My husband and his family have a deep-rooted love of pizza; deep dish, pan, thin crust, Chicago-style, wood-fire – you name it, they love it! I’m pretty sure they would happily eat pizza every night if they could. My father-in-law has spent many years perfecting his homemade pizza routine. He makes his own crust, sauce and uses a variety of cheeses. When I joined the family in 2010, I quickly realized that I needed to step up my homemade pizza game. It took a lot of trial and error but I think I’ve finally gotten it. I feel comfortable saying I can homemade pizza with the best of them; basically like a boss. So, here is my crust recipe, a few time-saving ideas and lots of tips so you can make homemade pizza like a boss too.
- Oven (Preheated to 500 degrees F)
- Pizza stone (Put in cold and preheat with oven on middle rack) – The stone will make your crusts crispy – a good investment! If you don’t have one, you can easily use a baking sheet of any shape instead.
- Large flat spatula
- Wooden pizza peel or cutting board (Textured plastic cutting boards will not work for this. I’ve tried.)
- 3 pkg quick rise yeast (1/4 oz. ea)
- 2 Tbs sugar
- 1 1/2 tsp salt
- 5 to 5 1/2 cups whole wheat or white flour (I sometimes use half whole wheat and half white – whatever you have will work!)
- 2 1/2 cups warm water (120 -130 degrees F)
- 3 Tbs olive oil
- In a large bowl, combine warm water, yeast, sugar and olive oil. Let sit in warm place.
- In separate large bowl, mix flour and salt.
- Once a foamy yeast layer has formed on the water mixture, slowly add it to flour bowl until sticky dough is formed. Cover and let sit for 10 minutes. (Although, in a pinch I have skipped this step and it still turns out just fine – albeit a little flatter.)
- Roll dough onto floured counter surface and knead for 6-8 minutes. (Truth – I sometimes skimp on the kneading time too. A mama’s gotta do what a mama’s gotta do to get supper on the table.)
- Divide the dough into three portions and roll into circles with a rolling pin. Make sure to flour your counter beforehand, or it will stick!
Assembly and Cooking:
- Sprinkle your cutting board or pizza peel with cornmeal. — This is very important!! — The cornmeal acts as a medium to help the dough easily slide from the board to the pizza stone. When I was first learning, I used to get so frustrated because the dough would get stuck to the board and end up very mangled. Cornmeal is a lifesaver!

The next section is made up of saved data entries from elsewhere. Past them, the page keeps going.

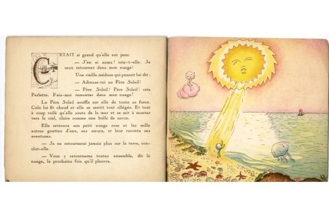 Det handler om Lille Perle, en dråpe fra en sky, antagelig fra en av de vi kaller perlemorskyer. Hun ville så gjerne ned på jorda, hun syntes det så veldig fint ut, så mange ting, slott og sjøer og byer og sauer og kuer. Lille Perle maste og maste og fikk lov til slutt. Hun falt. Hun gikk rundt på jorda en stund, men nesten ingenting var sånn som det hadde sett ut fra oven. En nokså vanlig erfaring. Men det er ikke sånn at det hjelper å si det til folk eller dråper. Du må ned der å kjenne det selv, på kroppen. Det gikk som det måtte, Lille Perle ville tilbake til himmelen sin og skyen og begynte å gråte. Da kom et et eller annet forbi, jeg vet ikke hva, så god i fransk er jeg heller ikke, men i hvert fall, det som kom forbi sa: Rop på solen. Og Lille Perle ropte på solen. Sol, jeg vil tilbake til skyen min! Og solen sa, okei da. Den skinte på Lille Perle av all sin kraft. Og Lille Perle ble varm og steg og steg og steg som en såpeboble til vers. Det gikk så lett at hun nesten trodde hun gjorde det selv. Og hun jublet. Snart var hun tilbake i perlemorskyen sin sammen med de millioner av andre dråper med vann hun hadde forlatt. Hun var veldig lettet og glad. Hun fortalte de andre om alt og avsluttet med: Jeg drar aldri tilbake til jorden igjen. Å, joda, sa perlemorskyen litt strengt, jeg beklager, men alle dere dråper skal ned der igjen, dere skal ned neste gang jeg gråter.
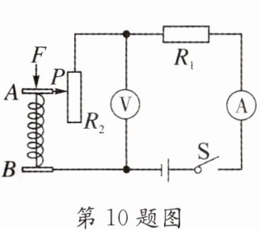 10. 如图所示是童童设计的压力传感器的原理图,其中弹簧上端和滑动变阻器的滑片 P 固定在一起,AB 间有可以收缩的导线,R₁ 为定值电阻。当闭合开关 S,压力 F 增大时,电流表与电压表的示数变化情况是(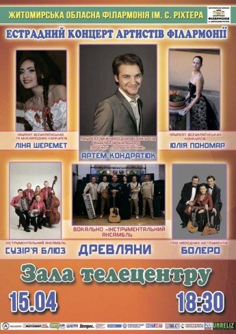 Естрадний концерт ВІА «Древляни», естрадного ансамблю «Сузіря Блюз»,артистів філармонії, А. Кондратюка, Л. Шеремет, Ю. Пономар, та тріо народних інструментів «Болеро».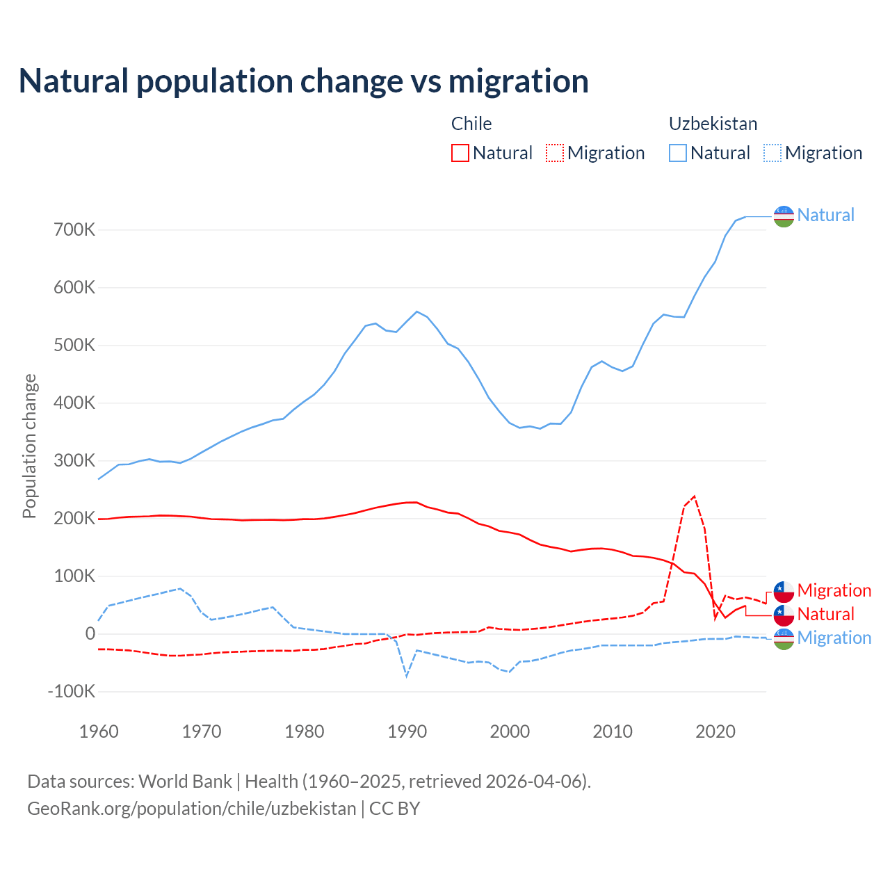 Over the last 10 years, 43.5% of the population change in Chile is from natural causes (a gain of 844,683 people) and 56.5% is from migration (a gain of 1,097,597 people). In Uzbekistan 98.2% is from natural causes (a gain of 6,161,117 people) and 1.84% is from migration (a loss of 115,398 people).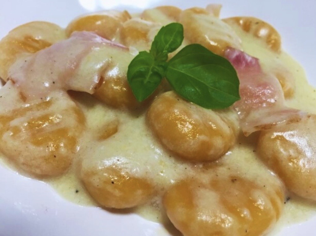 フライパンで玉ねぎとベーコンを炒め、バター・生クリーム・牛乳・コンソメを加え、とろみがつくまで煮る。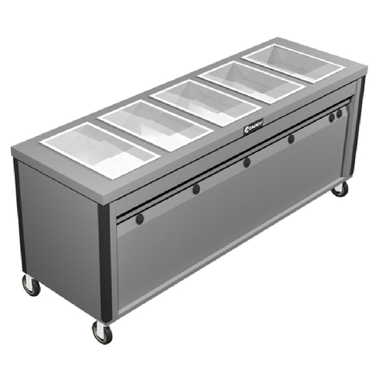 The Caddy TF-625 Hot Food Caddy Electric Enclosed Heated Base is a versatile and efficient solution for professional food service operations. Measuring 82 inches wide, 26 inches deep, and 34 inches high, this unit is designed to accommodate the demanding needs of commercial kitchens. It features five 12-inch by 20-inch by 6-3/8-inch deep hot food wells, each insulated and equipped with individual heat controls, ensuring precise temperature management for various dishes. The caddy’s five compartments can hold up to 20 full-size 2-1/2-inch deep pans, making it ideal for high-volume food storage and service. Constructed from durable stainless steel, the unit is built to withstand the rigors of daily use while maintaining a professional appearance. For added mobility and safety, the caddy is fitted with 4-inch swivel casters, two of which are equipped with brakes, allowing for secure placement during operation. Vertical corner bumpers provide additional protection against accidental impact. Certified by ETLus and NSF, the Caddy TF-625 meets high standards of safety and sanitation, making it a reliable choice for restaurants, catering services, and institutional kitchens requiring robust, efficient, and safe hot food storage solutions.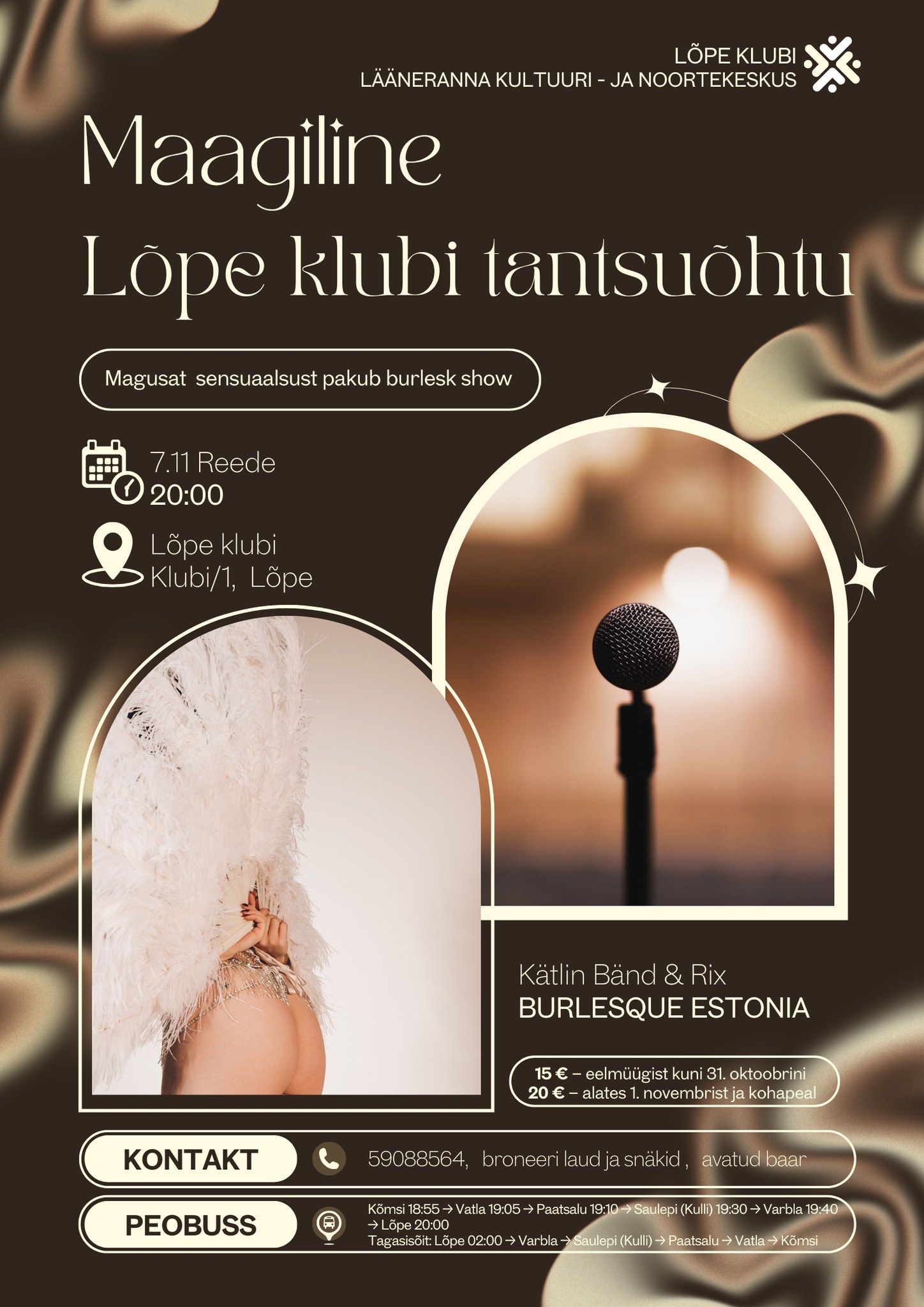 Lase end kanda säravasse öösse, kus elegants kohtub sensuaalsusega. Lõpe klubi muutub üheks õhtuks unustamatuks peopaigaks, kus sind ootab: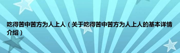 本文关于吃得苦中苦方为人上人的基本详情介绍就讲解完毕,希望对大家有所帮助。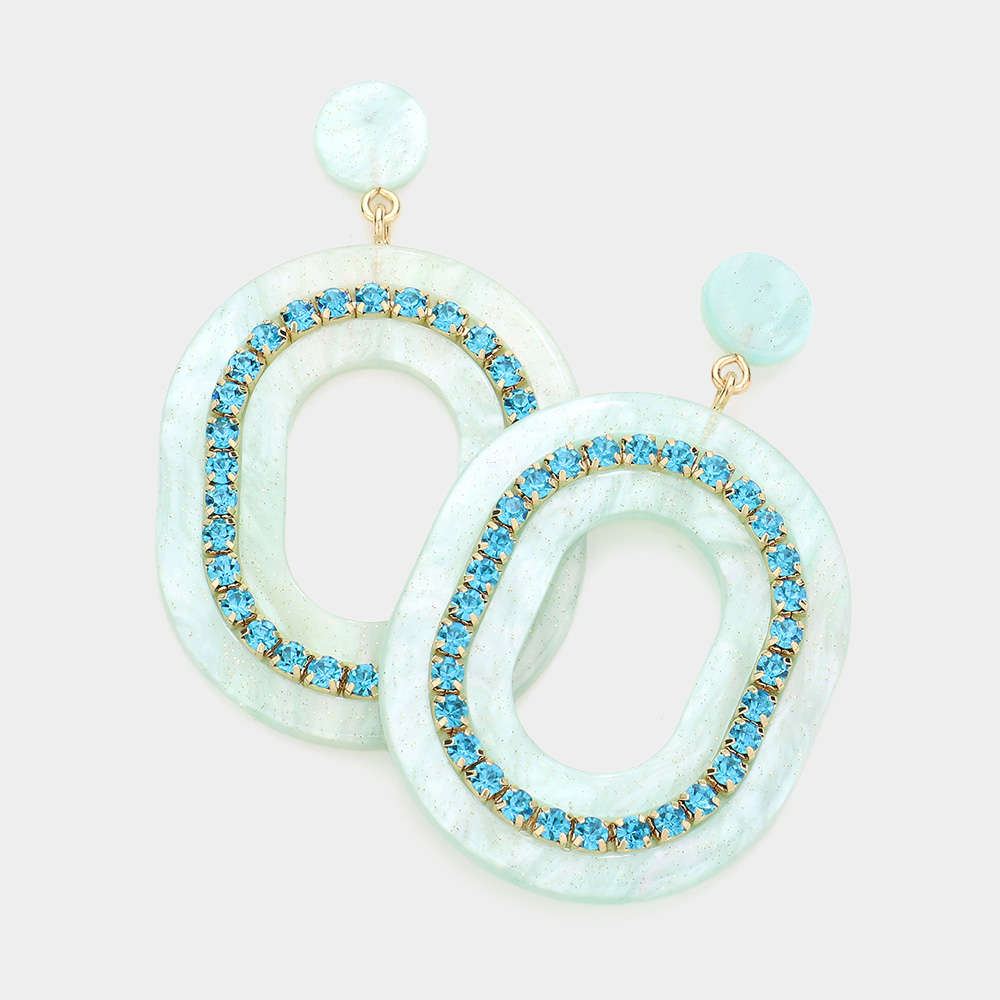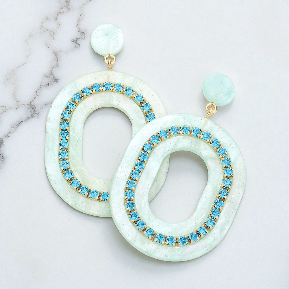 Rhinestone Embellished Celluloid Acetate Open Oval Dangle Earrings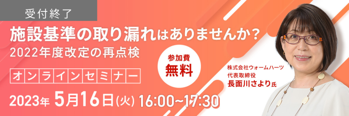 講師に長面川さより氏をお迎えし、2022(令和4年)年度診療報酬改定で新設された施設基準で見落としがちなポイントや、新しい施設基準の取得漏れ、届出漏れがないか再確認のポイントを解説します。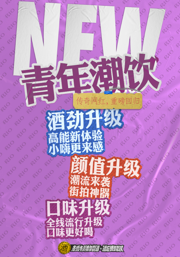 面对年轻人,品牌除了一味地迎合潮流,更需要去引领潮流。产品的迭代升级能力是每个品牌业绩长虹的核心竞争力。比如在RIO在七周年的时候将产品焕新,越潮越年轻。包装设计上,简约风搭配变幻般撞色元素的“RIO”,用叠色创意表达多口味产品碰撞的创新感觉更富有新意,也更具年轻时尚和动感。不论是将其置于超市或是酒会、酒桌上,都比其他酒水更能吸引关注。在口味上就推出了蓝玫瑰威士忌、水蜜桃白兰地、青柠青瓜朗姆酒、宾治马尔斯绿伏特加等6种混搭口味,为年轻人提供更多尝新的体验。随着时间的推移,消费者的需求会不断发生改变。酒的颜值和口感的升级,甚至是推出新品类的产品,都是在不断挖掘消费者的新需求。在此过程中,品牌一旦做到比顾客更懂顾客自己,抓住消费者的痛点,那推出的产品定能引领一次新的消费升级,帮助品牌打开新的市场获取更多客户。同是去年,RIO微醺系列从将产品定位于“一个人的小酒”,强调“独饮”消费场景,依靠差异化的错位抢占“独饮场景”这个细分市场的空白。通过针对当代年轻人工作忙碌、生活压力大的群体状况,RIO微醺为年轻人营造出独饮时情绪和场景,让RIO成为年轻人情绪释放和自我取悦的载体,唤起他们内心对美好生活的一种期望。不仅是独饮的消费场景,RIO还推出过配餐酒RIO STRONG,在试点时便取得了超出预期的效果。RIO通过强调产品的“日常感”来拓展消费场景,不仅仅是RIO差异化的错位竞争策略,更是品牌通过场景构建产生的剧场效应,让用户增加一种沉浸式体验,最终被不知不觉地植入一种仪式感,在消费者对品牌产生情感共鸣的同时,也产生较强的归属感。世界品牌专家戴维·阿克曾说过,揭示品牌增长的唯一途径(几乎无甚例外),就是要打造出顾客脑海中新的“必需品”,以此定义新的细分品类,并构建具有竞争壁垒的标杆品牌。由此再回看年轻人酒水消费的四个特点品类的迭代升级多元细分、新潮尝新、香甜果味和健康微醺。在产品升级这一块,无论是RIO的产品升级或微醺发力,还是江小白的果立方出世或梅见新品牌的独立,还有精酿市场中一堆新品的横空出世,都是所有品牌们企图通过产品创新去抓住新的细分市场。只有在新品类中占据最高点,才能真正的打开市场,实现盈利。

- Carefully transfer dough to a cutting board or pizza peel (I’ve found that loosely folding the crust into quarters makes the transfer easy.)
- The pizza can now be assembled (on the cutting board or pizza peel) with your choice of toppings.
- Sauces: tomato sauce (I use spaghetti sauce because my grocery store doesn’t always carry “pizza sauce”. We can’t tell the difference.), ranch, barbecue sauce, or no sauce!
- Toppings: pepperoni, sausage, veggies of all kinds, chicken, even pineapple and ham. Whatever smokes your shorts!
- Cheese: Mozzarella, shredded Parmesan, goat cheese, feta or even ricotta could be interesting!
- Your masterpiece can now be transferred to the oven. It may take a few times of practicing to get this part right but you should be able to easily use a spatula to loosen the edges of the crust and, in one quick motion, slide the pizza off the board and onto the preheated stone. (Note: if you don’t preheat the pizza stone with your oven up to 500 degrees, you won’t have a crispy crust. The stone has to get hot as well.)
- Set a timer for about 10 minutes. Depending on whether it is the first or third pizza of the night, it may cook slower or faster. Check it often if you are worried.
- When the pizza looks golden brown and bubbly, put your pizza peel on one side and use the spatula to help slide your delicious creation back onto your board. It will be screaming hot so don’t use your fingers… I’ve done that too, and immediately regretted it.
All that’s left to do is enjoy! One thing that I love about pizza is that it can be paired with just about anything. Typically, we have a lettuce salad and some fruit. But truth be told, some nights we are lucky to get the pizza on the table… So I guess it’s a good thing I’m a homemade pizza boss.